The colonel stared at him; Marder returned the stare. “Well, you’re certainly a direct bastard, Marder.”
“Yes, sir. I try to be. It saves time, and I figure if you want ass-kissing you’ve got all those guys over there to do it.” He gestured broadly to the waiting staffers.
“And dangerously close to insolent in the bargain.”
“Yes, sir, but I try to stay on the good side of that line. I figured you for an officer that can handle a little straight talk. You know and I know that you’re talking about something very close to a suicide mission. On the upside, obviously, any volunteers would get a full step up in grade and hazardous-duty pay.”
“Obviously. But I want you to know that should any of these volunteers get into trouble, the entire resources of the Seventh Air Force would be devoted to extracting them.”
“That’s good to know, sir. In that case, I would be happy to volunteer for the mission. Does it have a name, by the way, sir?”

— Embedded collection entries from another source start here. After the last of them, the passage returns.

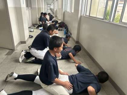 グラウンド状態が悪いため、室内トレーニングです!頑張ってください。
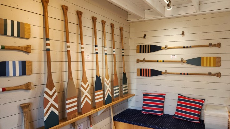 Beautiful paddles on display in a coffee shop
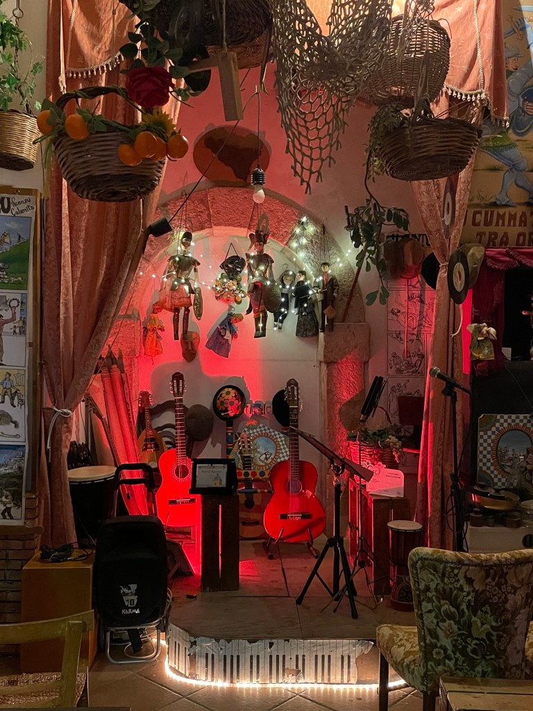 That evening, we left the marina to wander about the old town section of Licata. It was noisy and busy, but quite interesting. We discovered a small shop with two old men sitting next to the entrance. As we peeked into the doorway, one of them encouraged us to enter. At one end of the room was small stage lit up in red with three guitars sitting at the back on stands. At the front of the stage was a chair and microphone. There were two rows of chairs facing the stage. It was a tiny shop, so there were only about a dozen in total. The rest of the shop was crammed with colourful bric-a-brac. The man entered and told us in very broken English that he would be performing later in the night. It was quite enchanting and we wished we had the time to come back and see him!

“Yes, we’re calling it Iron Tuna,” said Honey Folger. He stood; Marder stood. “You’ll report to squadron immediately for your new orders,” said Folger, now looking intently off at the horizon, as if he could with enough effort see the trail. “And, Marder? Not a fucking word about any of this to anyone.”
* * *
Marder reconstructed this dialogue in his head, found it interesting and satisfying that he could still do it. Whether it was literally true or not he couldn’t have said. He did recall the feel in his hand of the little devices, which they immediately rechristened “voodoos,” and of the grinding, Sisyphean weight of the man-portable repeaters on his back. His view of Honey Folger was conflated with other images: the man left the USAF in ’71, still a light colonel, went into defense contracting with Raytheon, made a bundle, ran for Congress in Arizona, won a seat, and then wrecked himself like so many others in the savings-and-loan scandal. Marder could recall the man’s face, fleshier than it had been, with the deer/headlights look they all had coming out of the courtroom after the indictment. He remembered that shot more clearly than he did the interview that had changed his life, that morning under the striped umbrella at the Naked Fanny pistol range.
* * *
There was one other vehicle in the lot, a large RV, the source of the faint music Marder had heard earlier. As the morning wore on, other cars and campers arrived. Marder was trying to think of the names of the other two volunteers in his volunteer group, one a tall pale boy from Tennessee and the other an Italian from Providence they called Sandhog. Sandhog and…?
While he was thus engaged, the rear door of the RV opened and Skelly emerged, and after him followed a middle-aged woman with teased blond hair and a tanned, ferrety face. She embraced Skelly warmly and her laugh rang across the parking lot, louder than the sound of the gulls. Then another woman stepped down, the same teased straw hair, the face less ferrety, pretty even, somewhat younger than the other. Marder figured them as sisters.